TASK BRIEF. With the images removed, repeat the data below exactly.

DATASET CONTENT.
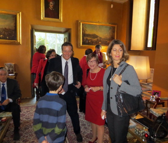 Leo (back to camera), Francesco, and Alessandra – with me in the middle – enjoy one of the elegant salons at Villa Aurora.
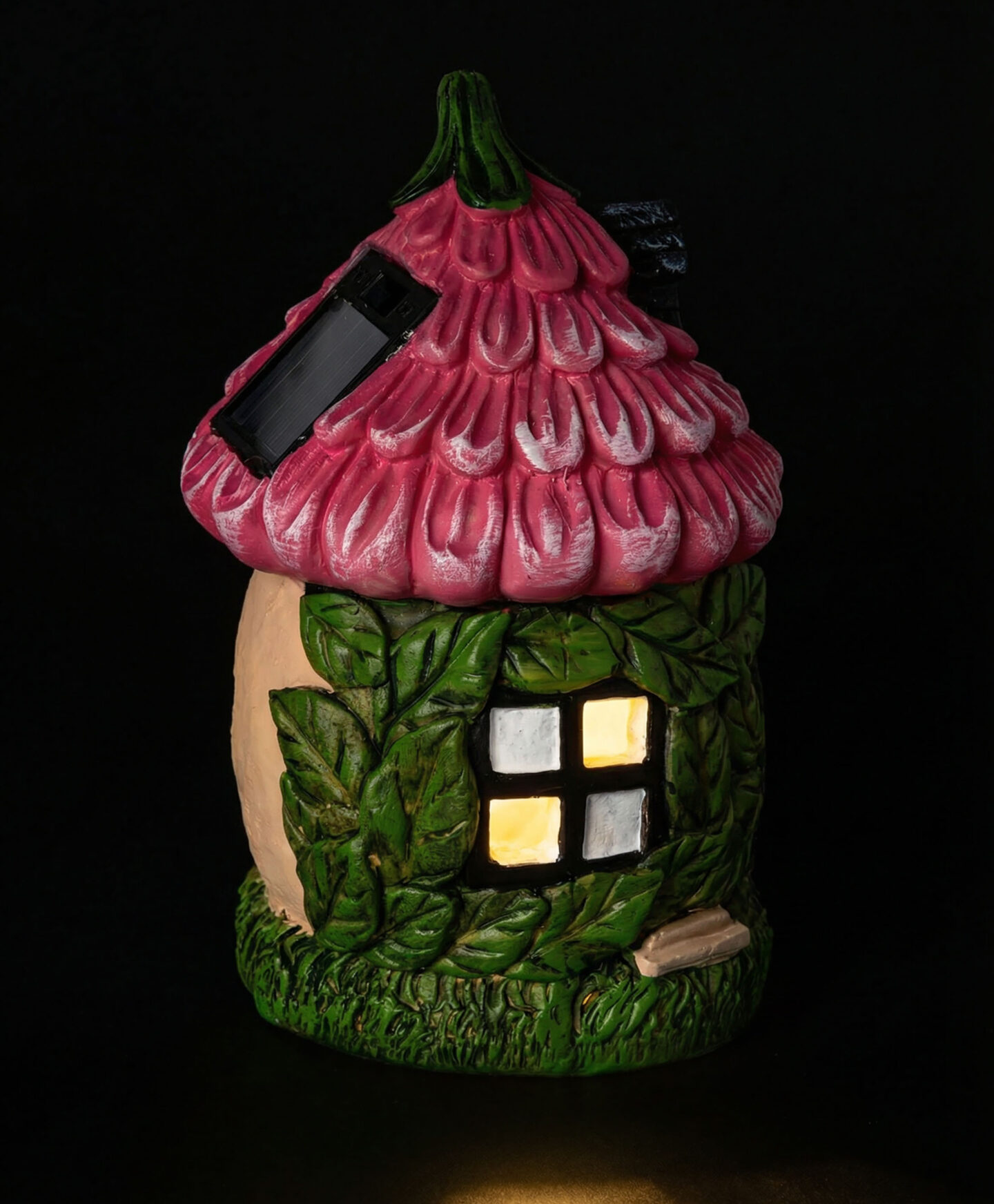 Zelena solarna lampa u obliku kuće je šarmantna dekoracija koja pomaže u stvaranju magične atmosfere na vašoj terasi ili balkonu svake večeri. Pokreće se solarnom energijom, zahvaljujući ugrađenom solarnom panelu, eliminiše potrebu za kablovima ili baterijama, pri čemu štedi električnu energiju. Lampa se automatski uključuje u sumrak i isključuje u zoru, obezbeđujući osvetljenje tokom cele noći bez dodatnih radnji. Izrađena je od izdržljivih materijala otpornih na vremenske uslove.
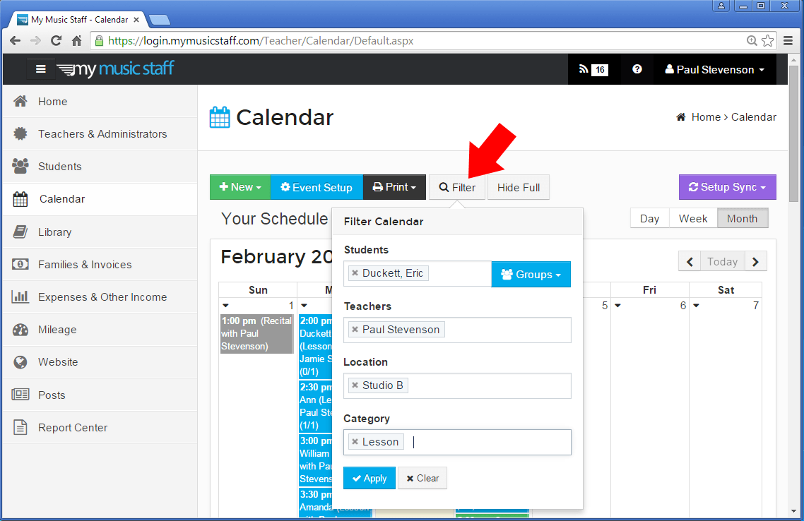 We’ve totally redesigned to way the calendar view is filtered. The student/teacher/category drop-down lists are gone, and in it’s place you’ll see a new “Filter” button. When clicked, you’ll see a popup that allows to specify the student/teacher/category/locations that you want to see. This has a few key benefits:

EXPECTED ANSWER.
 Leo (back to camera), Francesco, and Alessandra – with me in the middle – enjoy one of the elegant salons at Villa Aurora.
 Zelena solarna lampa u obliku kuće je šarmantna dekoracija koja pomaže u stvaranju magične atmosfere na vašoj terasi ili balkonu svake večeri. Pokreće se solarnom energijom, zahvaljujući ugrađenom solarnom panelu, eliminiše potrebu za kablovima ili baterijama, pri čemu štedi električnu energiju. Lampa se automatski uključuje u sumrak i isključuje u zoru, obezbeđujući osvetljenje tokom cele noći bez dodatnih radnji. Izrađena je od izdržljivih materijala otpornih na vremenske uslove.
 We’ve totally redesigned to way the calendar view is filtered. The student/teacher/category drop-down lists are gone, and in it’s place you’ll see a new “Filter” button. When clicked, you’ll see a popup that allows to specify the student/teacher/category/locations that you want to see. This has a few key benefits:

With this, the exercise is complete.